Tuesday, June 30, 2009

Musings of a Lion.

For those of us who were blessed with good educations they were not without the encouragement to be confident.  Employers seek those who believe in themselves.  Confident is contagious in a sense and so we are inclined to believe that those who are confident are worth our own confidence. Above that, we are taught to be tough, unapologetic, and unyielding.  In my own studies of social work this was a trait that was pushed with regularity - more still for women.  Don't be sorry you beat someone out for a job, don't be apologize for working harder and longer to get what you want.  Show no weakness.

So where is the balance for myself as both a strong leader and a strong Christian?  'Blessed are they meek for they will inherit the earth' (Matthew 5:5).  How then do I dominate at work while remaining meek?  While meek does not equal weak as many may believe, it also does not allow me to be unapologetic or unwielding.

I was faced with a situation that brought this argument in my mind to the forefront.  As I began my summer we were training a new Summer Staff and as I was driving home one day I had a bit of a conscience attack.  I teach in classrooms throughout the school year what we call 'personality profiles'.  In these profiles you learn not only how your personality type reacts to different social scenarios and how you function best - but to understand and appreciate that not everyone is in the same boat.

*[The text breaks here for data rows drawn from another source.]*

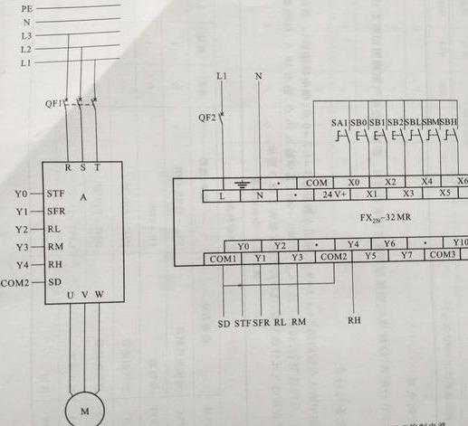 第三步根据I/O口分配表,绘制PLC、变频器多段速控制原理。控制电路如下所示。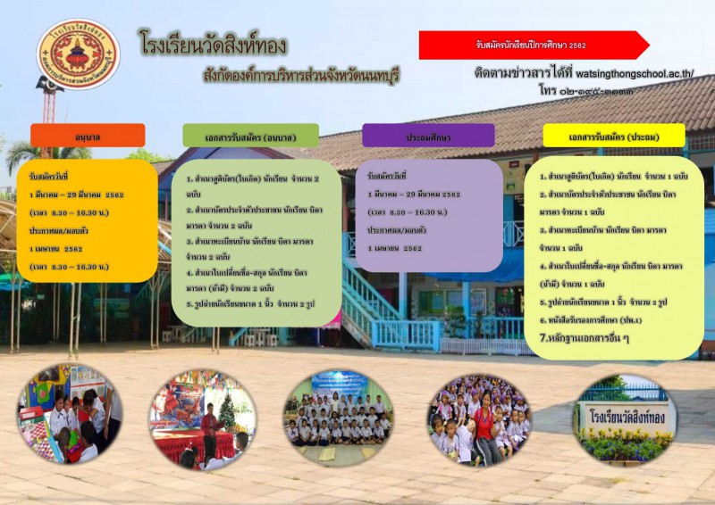 โรงเรียนวัดสิงห์ทองเปิดรับสมัครนักเรียนปีการศึกษา 2562
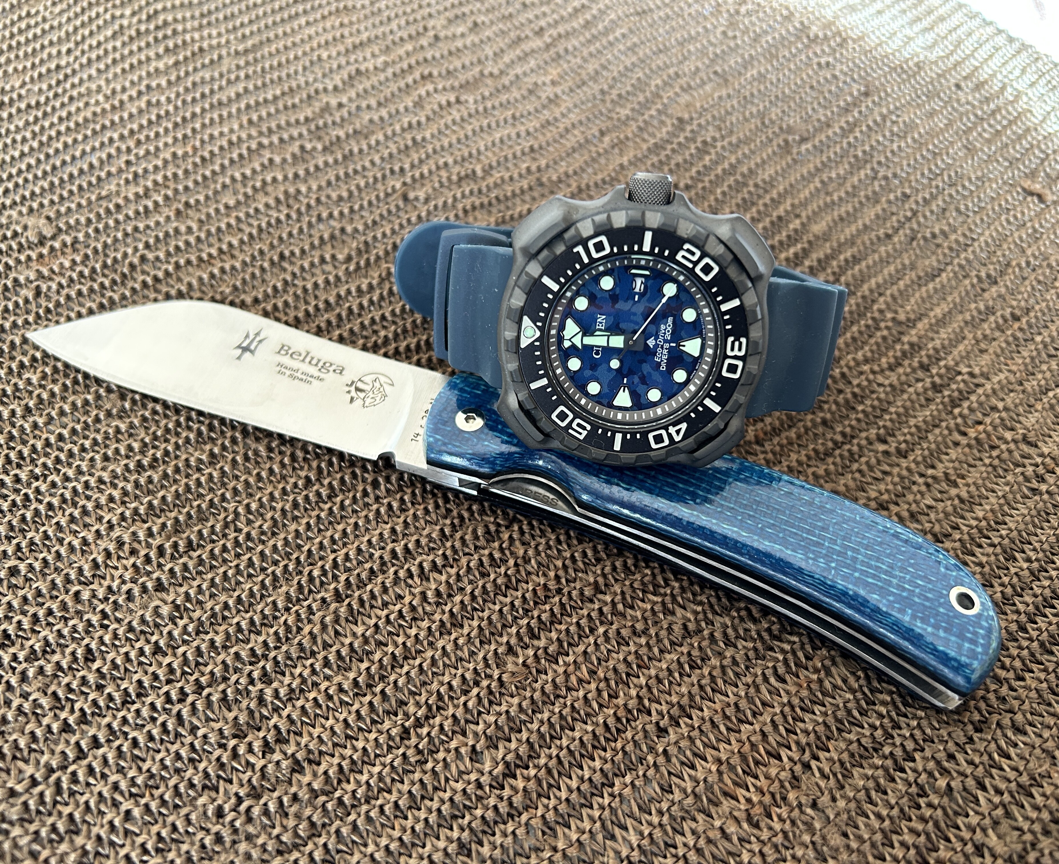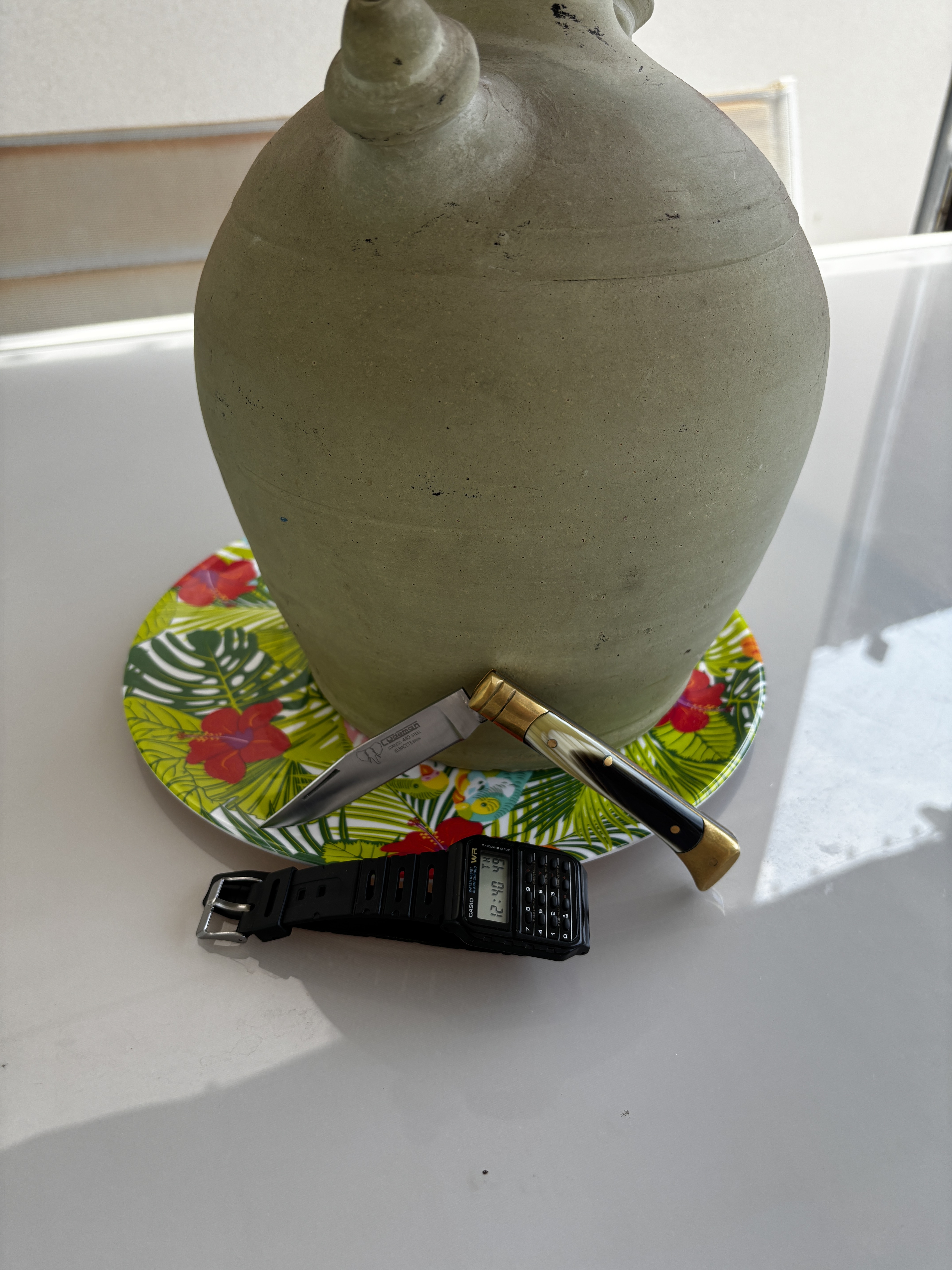 Hoy me ha apetecido todo el conjunto retro, Cudeman de los 90, casio de los 90 y botijo, que realmente uso para beber, de no se que año pero bastante viejito.

After going through these in training I was struck by how I handle one particular student in my year on staff.  After taking note of each of my students on staff's personality I realized that my in-your-face way of address issues with a certain student was not the way in which her personality allowed him to best receive my 'coaching'.

I drove home caught between whether or not to plow through the upcoming summer, using the excuse that as the head of the team I was just 'doing my job' or whether this was one of those defining moments in which I needed to seek a more restorative route.  We are faced with these decisions more than we like to admit, are we not?  Moments in which we have the opportunity to grow our character while it would be easiest to brush it off.

Once I had decided in my head that my direct approach had probably been hurtful to this student, I couldn't let it rest.  It ate at me.  Within an hour I got in touch with that student and owned it.  My harsh, to-the-point critiques.  My sarcasm.  The moments I had that chance to build up and instead chose to tear down, whether intentionally or by default of my delivery.  Often it is not the message but the wrapping that determines the effect.

In this moment of confession I sought to do something I've always respected in others.  I didn't just apologize, I asked for forgiveness.  There's a profound difference between doing your duty and saying you're sorry and actually seeking and requesting that the person forgive you.  This attitude takes you to yet another level of humility.  One I admit I haven't spent enough time in.  The desire of my heart was truly to be forgiven by the person and to change my heart and my actions to back that up.

What my professors failed to mention and perhaps to see themselves is that the level of respect you earn by owning up to your mistakes is higher than that achieved by intimidation.  Perhaps the best leader truly is the person who best serves those they seek to lead.  What an unlikely thought from a 'lion' personality.

At the ripe old age of 23 I have learned to few my experiences on and off the job as a growing experience.  The more I learn, the more I realize how little I know.